The precision and clinical sensitivity/specificity of the HS-Thermo Scientific and HS-Roche benzodiazepine assays were acceptable. The reagent stability of the HS-Thermo Scientific immunoassay was poor, whereas the HS-Roche immunoassay was stable. After implementation of the HS-Roche benzodiazepine immunoassay as an LDT, there was a 30-fold increase -value: < 0.00001) in the percentage of lorazepam confirmations.
We demonstrate the development and validation of an immunoassay LDT with improved sensitivity for glucuronidated benzodiazepines. This LDT can detect glucuronidated benzodiazepines in clinical urine specimens and is stable for 60 days. Importantly, we were able to validate the immunoassay as an LDT by utilizing an LC-MS/MS LDT.
《VALID法案》是一项立法举措,若得以颁布,将改变美国用于临床检测的实验室自建检测方法(LDT)的监管要求。苯二氮䓬类药物主要以如劳拉西泮等葡萄糖醛酸化代谢物的形式排泄到尿液中,与美国食品药品监督管理局(FDA)批准的免疫测定法交叉反应性较差,会导致假阴性结果。通过在免疫测定试剂中添加葡萄糖醛酸酶来创建LDT,从而产生能够检测葡萄糖醛酸化代谢物的“高灵敏度”检测方法,可解决这一不足。

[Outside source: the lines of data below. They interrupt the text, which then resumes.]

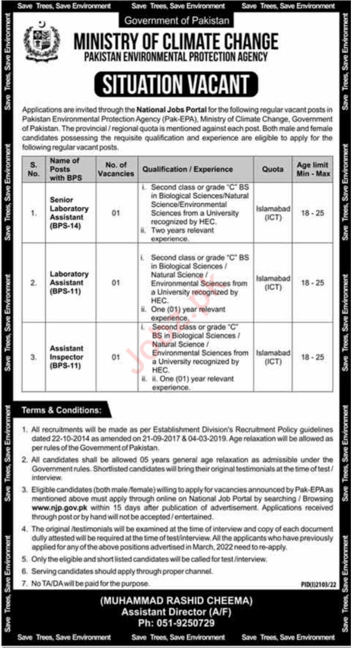 Ministry of Climate Change Islamabad, islamabad Islamabad Pakistan invites applications from eligible candidates for the post of laboratory assistant and assistant inspector as per advertisement of October 2, 2022 published in daily Dunya Newspaper. Candidates with Bachelor etc. educational background will be preferred.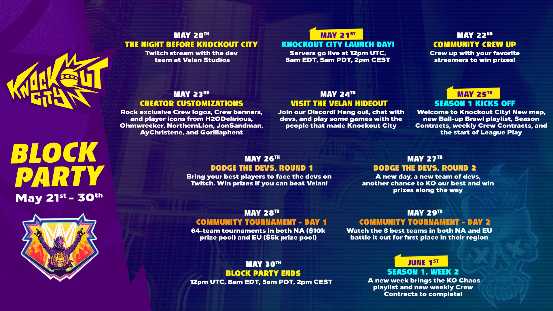 Knockout City, el título de Velan Studios inspirado en el balón prisionero, ofrecerá el el 21 de mayo una Fiesta Privada en el videojuego, un evento gratuito al estilo de un festival que ofrecerá 10 días seguidos de contenido para festejar sin parar, desde el 21 de mayo a las 14:00 hasta el 30 de mayo a las 14:00. EA y Velan darán la bienvenida a todos los jugadores, sin importar la plataforma, para que se unan y luchen por el dominio de Knockout City sin coste alguno durante 10 días a partir del lanzamiento.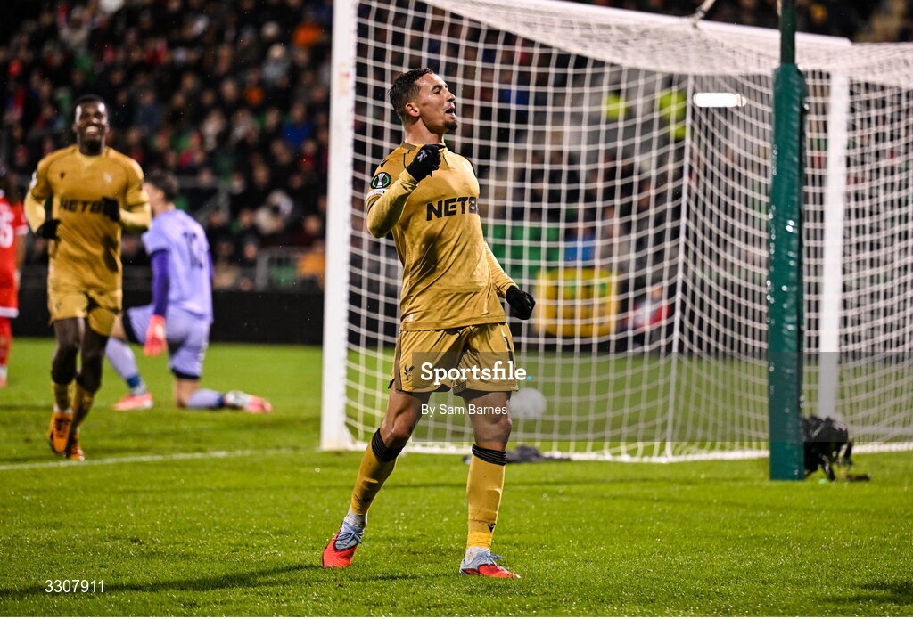 11 December 2025; Yeremy Pino of Crystal Palace celebrates after scoring his side's third goal during the UEFA Conference League 2025/26 league phase match between Shelbourne and Crystal Palace at Tallaght Stadium in Dublin. Photo by Sam Barnes/Sportsfile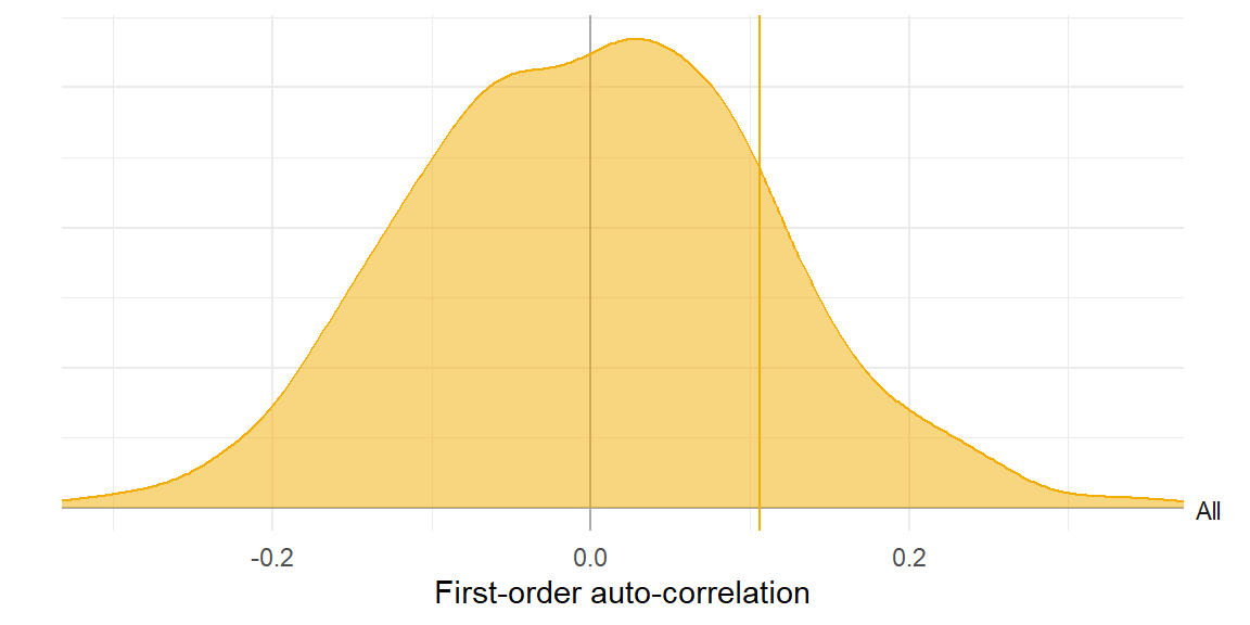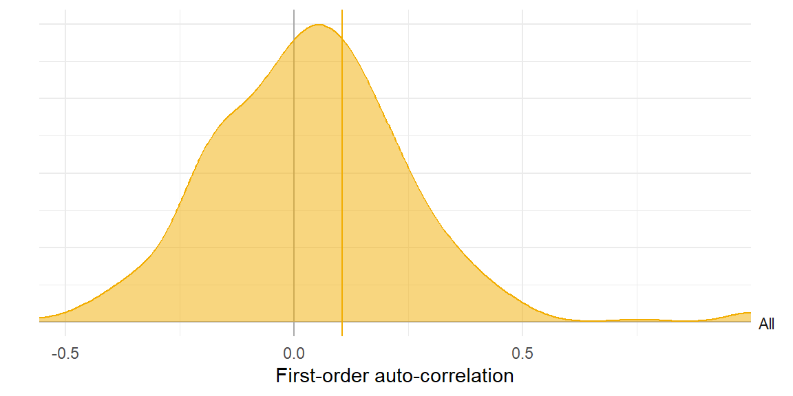 Auto-correlation: First-order auto-correlation estimate (Busk and Marascuilo 1988; Matyas and Greenwood 1996)

使用制造商提供的质量控制(QC)材料和葡萄糖醛酸化QC材料,评估了罗氏公司和赛默飞世尔科技公司的两种高灵敏度(HS)苯二氮䓬免疫测定法的精密度和稳定性。将这些免疫测定法与一种液相色谱 - 串联质谱(LC-MS/MS)LDT苯二氮䓬测定法直接进行比较,以使用尿液标本确定临床灵敏度/特异性(赛默飞世尔科技公司n = 82;罗氏公司n = 265)。通过分析HS LDT免疫测定法实施前后60天的临床检测结果,确定其临床影响。
HS - 赛默飞世尔科技公司和HS - 罗氏公司苯二氮䓬测定法的精密度和临床灵敏度/特异性是可接受的。HS - 赛默飞世尔科技公司免疫测定法的试剂稳定性较差,而HS - 罗氏公司免疫测定法是稳定的。将HS - 罗氏公司苯二氮䓬免疫测定法作为LDT实施后,劳拉西泮确认率增加了30倍(P值:< 0.00001)。
我们展示了一种对葡萄糖醛酸化苯二氮䓬具有更高灵敏度的免疫测定LDT的开发和验证。这种LDT能够检测临床尿液标本中的葡萄糖醛酸化苯二氮䓬,并且在60天内保持稳定。重要的是,我们通过利用LC-MS/MS LDT验证了该免疫测定法作为LDT的有效性。